And that also translated into a meaningful improvement in gut epithelial structure, the histology. So again, that’s the sort of downstream effect of reducing those autoreactive T cells. So as we said and you may have heard me say before, too, if we see a similar response in PBC, that would be quite impressive and potentially game-changing for the opportunity to help patients with PBC. But that’s where we see the data. The preclinical evidence is in PBC directly. The clinical evidence you hear about the 90% is from a celiac study done by — that’s published by another company.
Thomas McCourt: Mike, I’ve heard you say in the past that if we do see a dramatic reduction in T cells, it’s clearly a strong indicator of what you would expect to see as far as overall clinical response with regard to probably the impact and alk phos and bio cell or bile duct destruction.
Michael Shetzline: Yes, exactly. Because we really think we — based on the science, that this approach, CNP-104, and targeting the specific autoantigen of PBC, which is the PDC-E2 antigen, that, that is targeting the root cause of the pathology of PBC, which is the bile duct destruction. The T cells, the autoreactive T cells destroy the bile ducts. If we can decrease those T cells, then we should reduce or potentially eliminate the bile duct destruction of PBC patients. And again, the celiac data from proof of technology and proof-of-concept in patients actually showed that they’re decreased in autoreactive T cells. I mean celiac patients did improve gut epithelial histology.
Timothy Chiang: No, that’s helpful, Mike. Maybe just one follow-up then. The dosing in the celiac study, is that comparable in the dosing that you’re running in the PBC study? I mean is there anything comparable there?
Michael Shetzline: Yes. I think it’s a great question, and that’s why we’re studying 2 doses in the current PBC patients. So I think, clearly, there’s a reason to make the association. But I do think it’s also fair that different diseases may have a different pharmacodynamic response to doses. So we’re clearly open-minded in terms of as we do this study to be cognizant that we want to find the right dose in PBC patients. And that similarly, I’m sure what’s happening in the celiac space as well.
Operator: . Our next question will come from Boris Peaker with Cowen.
Boris Peaker: One question on CNP-104. You mentioned that the market is about 130 patients, if I heard you — 130,000 patients, if I heard you correctly. Can you break that down based on disease severity? And if there is any particular subgroup that 104 will be targeting?
Michael Shetzline: Yes. So I think it’s a good question. I think as with most liver diseases, this aspect of disease severity is important. And in fact, you probably know that with obeticholic acid, the label is indicated around aspects of liver disease severity in terms of not being advised in patients with cirrhosis or decompensated liver disease. So our program, because it’s obviously innovative and new in patient populations, is starting with more early liver disease patients with PBC. But the reality is the underlying mechanism should be broadly applicable to all patients with PBC. Because, again, we’re targeting the immunology behind the bile duct destruction. In using semisynthetic bile acids and other approaches, you could see a reason.

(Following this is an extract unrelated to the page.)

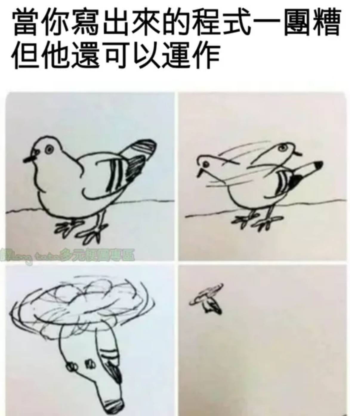 推 lsd25968: 一分前:狗屎code快跑啊 一分後:狗屎code為啥能跑 07/10 17:45
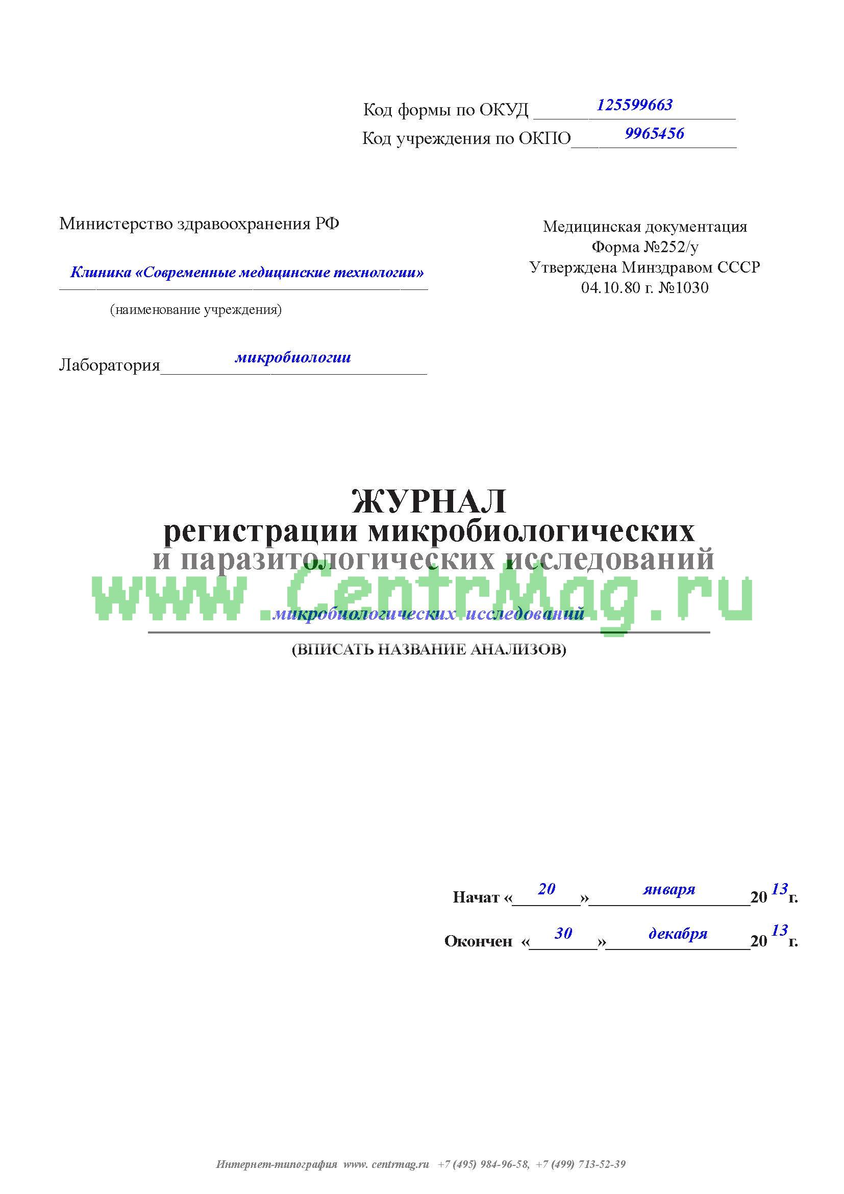 Форма журнала регистрации микробиологических и паразитологических исследований (Форма 252/у) утверждена Приказом Минздрава СССР № 1030 «Об утверждении форм первичной медицинской документации учреждений здравоохранения» от 04 октября 1980 (с изменениями на 31 декабря 2002 года)., который утратил силу.

And as demonstrated with some of the semisynthetic bile acid labeling, that there might be a reason to have concern with some more severe liver disease patients. But if we’re — if the science plays out and we’re able to reduce those autoreactive T cells, that should be applicable to the broad population of patients. Now, again, we’re in proof-of-concept study. We got a long way to go getting data. But again, that’s why we like the program because it’s really grounded in the science of the real root cause of PBC.
Boris Peaker: Great. And my second question is, maybe you could comment on your thoughts on the impact of Inflation Reduction Act on LINZESS?